Arterial plethora. Causes, types, morphological characteristics.


HYPEREMIA

HYPEREMIA

(
hyperaemia
; Greek, hyper- + haima blood) - an increase in blood supply in any part of the peripheral vascular system (small arteries, capillaries and veins), caused by an increase in blood flow into the microcirculatory system (arterial G.) or a weakening of blood outflow (venous G. .).

The biophysical mechanisms of hyperemia are determined by the basic laws of hemodynamics (see).

In the G. area, intravascular pressure is increased. Its level is determined according to the Bernoulli equation by the amount of energy consumption in the vessels, which depends on changes in the vascular lumen, blood flow speed, etc. In arterial hypertension, the increase in blood pressure in the microvessels is due to a decrease in resistance in the dilated arteries, and in venous hypertension, a slowdown in blood flow in peripheral vascular system.

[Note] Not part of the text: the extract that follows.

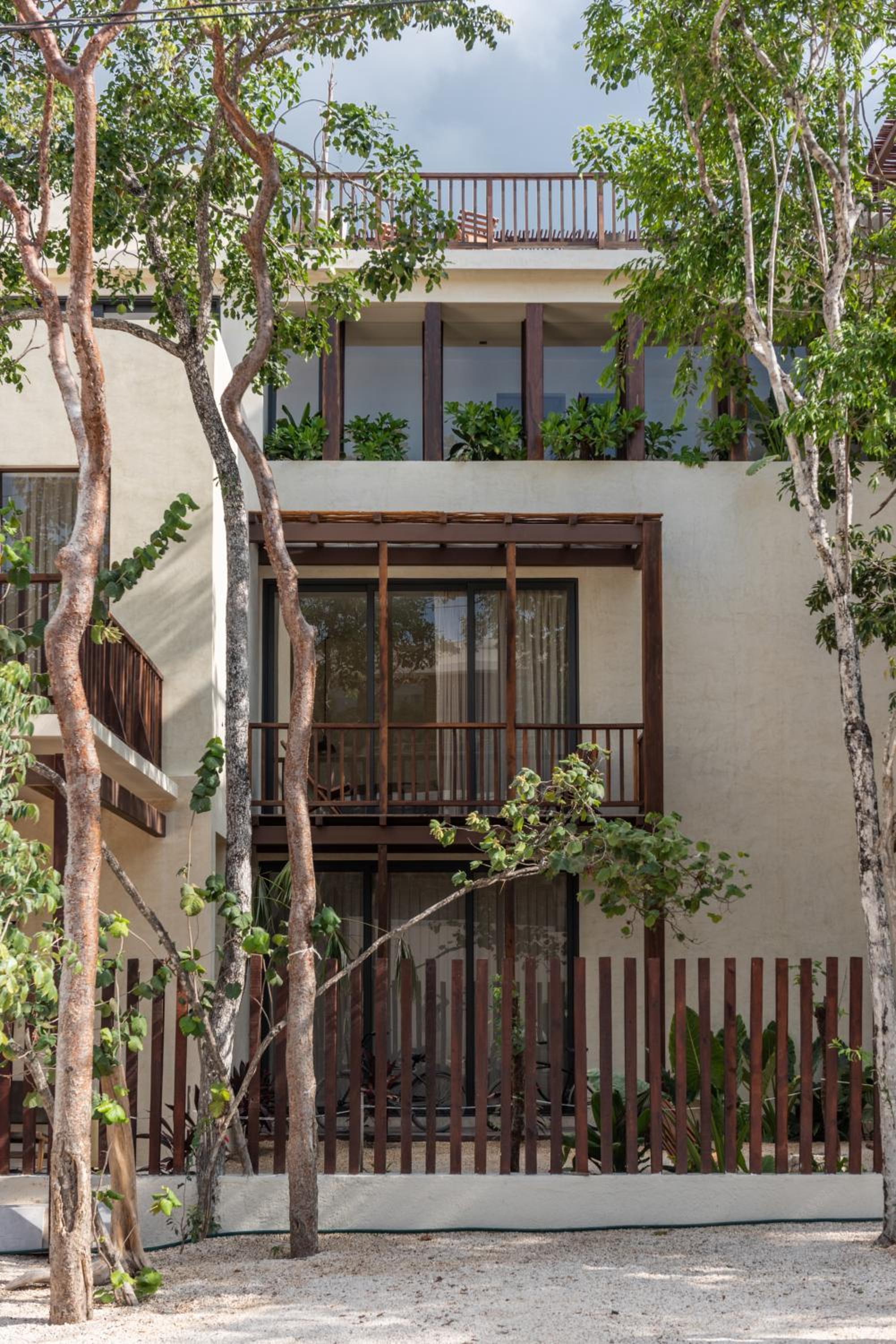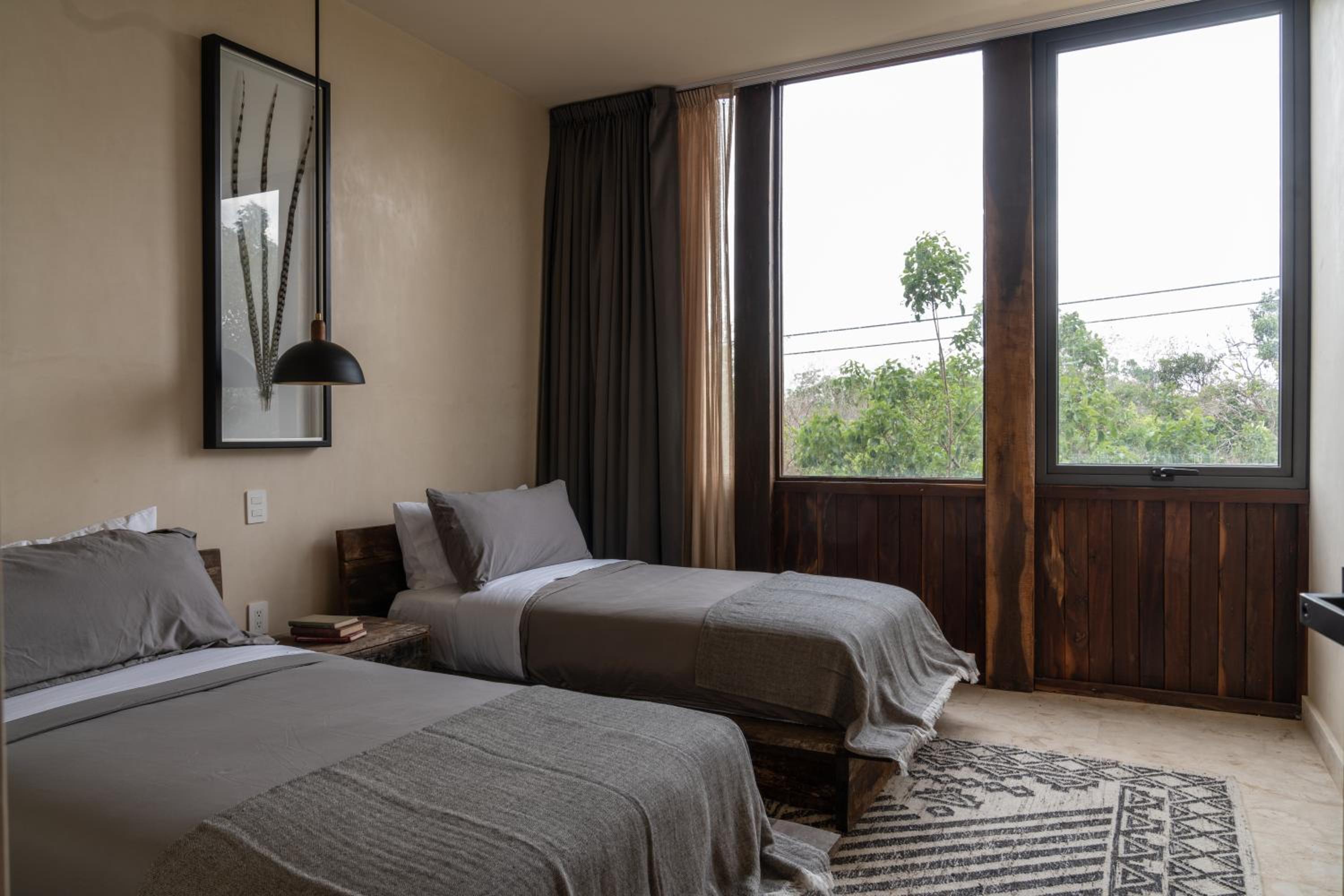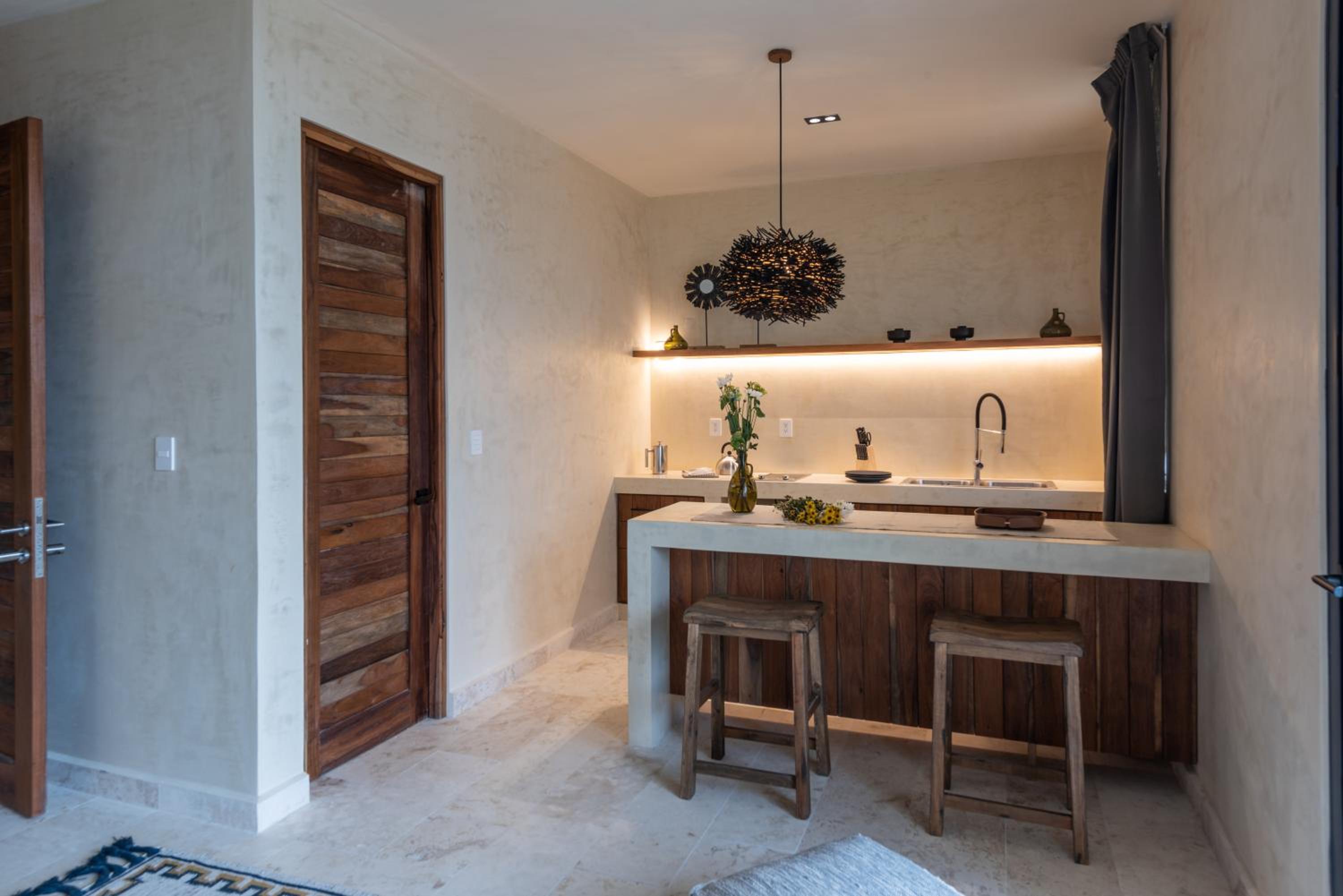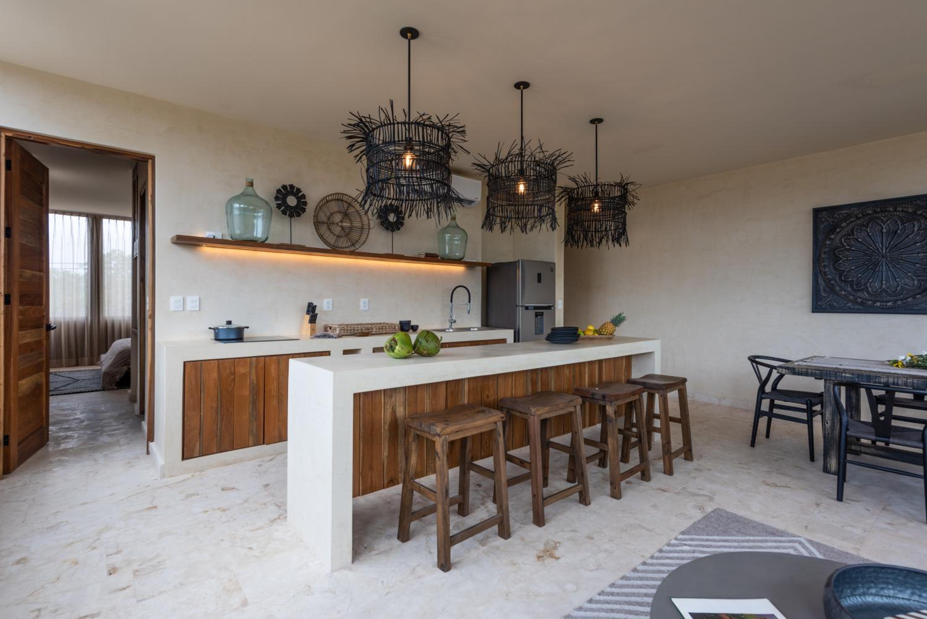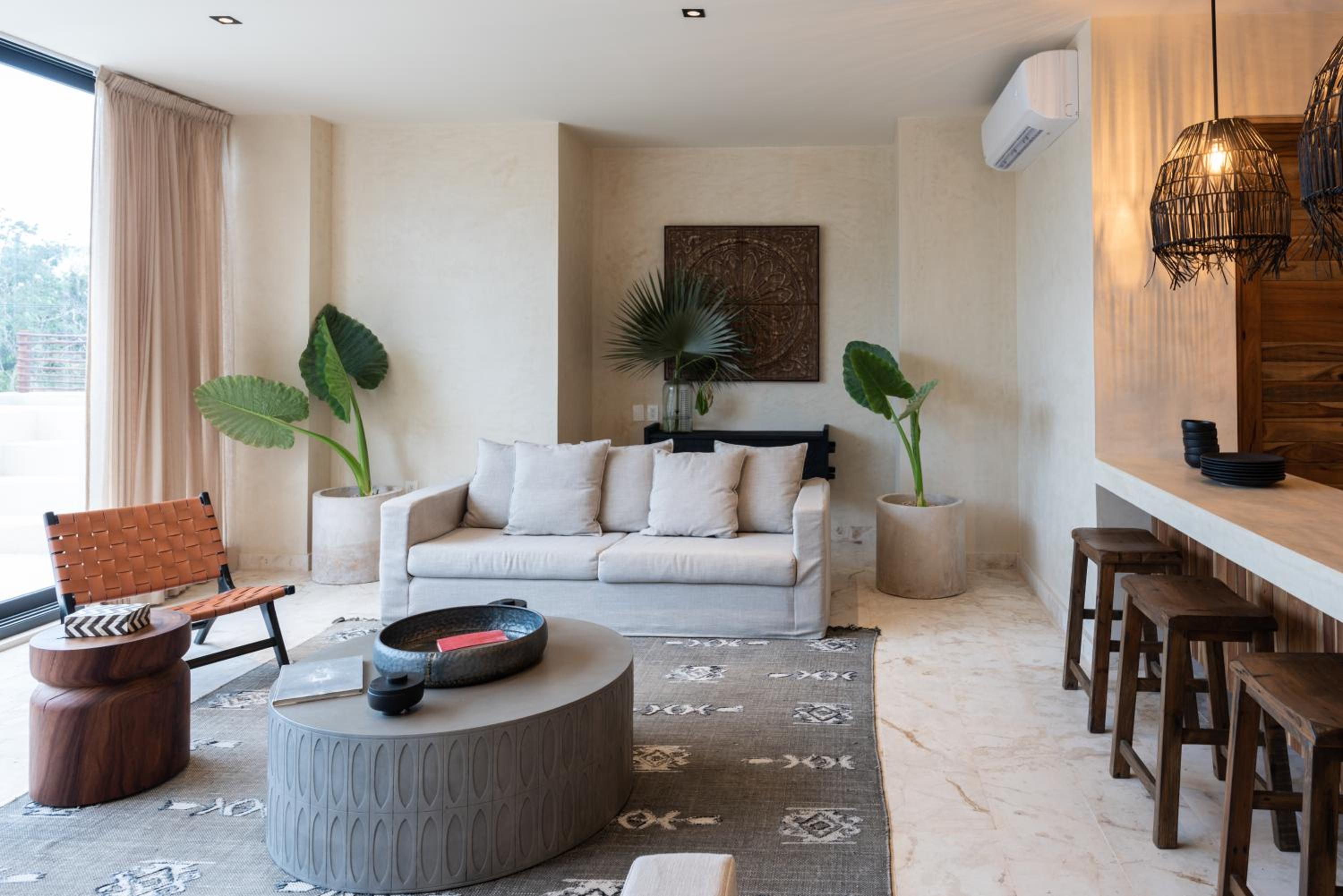 Unho Tulum, a 4-star hotel in Tulum, offers air-conditioned rooms with modern amenities like a coffee machine, fridge, and flat-screen TV. Some rooms even feature a balcony for stunning views.

The diameter of the vessels is determined by the ratio of two oppositely directed forces - intravascular pressure (P), which tends to expand them, and the tension (tone) of the vessel wall (F), which narrows them. Under conditions of constant radius (r), this relationship is as follows: F - Рr (Laplace equation).

In G., vasodilation depends on an increase in P and a decrease in F (in arterial G., on neurohumoral effects on the arteries and capillaries, and in venous G., on an increase in the extensibility of the connective tissue surrounding the capillaries and veins). The dilation of blood vessels that has begun continues until the above equality is established again, otherwise a rupture of the vascular wall will inevitably occur.

The linear speed of blood flow in the microcirculatory system depends on the arteriovenous pressure difference. It increases with arterial G. due to increased pressure in the arterial part of the capillaries and decreases with venous G. as a result of a significant increase in pressure in the veins. In each vascular region, according to the law of continuity, the cross-sectional area of ​​the vascular bed (S), volumetric (Q) and linear (v) velocities are related by the expression: Q = Sv. In arterial hypertension, the Q value increases, which is due to an increase in v and S (due to an increase in the number and partly the diameter of functioning capillaries). With venous G., the Q value falls due to a sharp decrease in v, overriding the increase in S.

Arterial hyperemia (syn. active G.) can occur in normal and patol conditions. In a healthy body, it can be a manifestation of the regulation of adequate, i.e., corresponding to metabolic needs, blood supply to the tissue, when, due to increased functioning of the organ and metabolism, the intensity of microcirculation (see) increases (functional, or working, hyperemia).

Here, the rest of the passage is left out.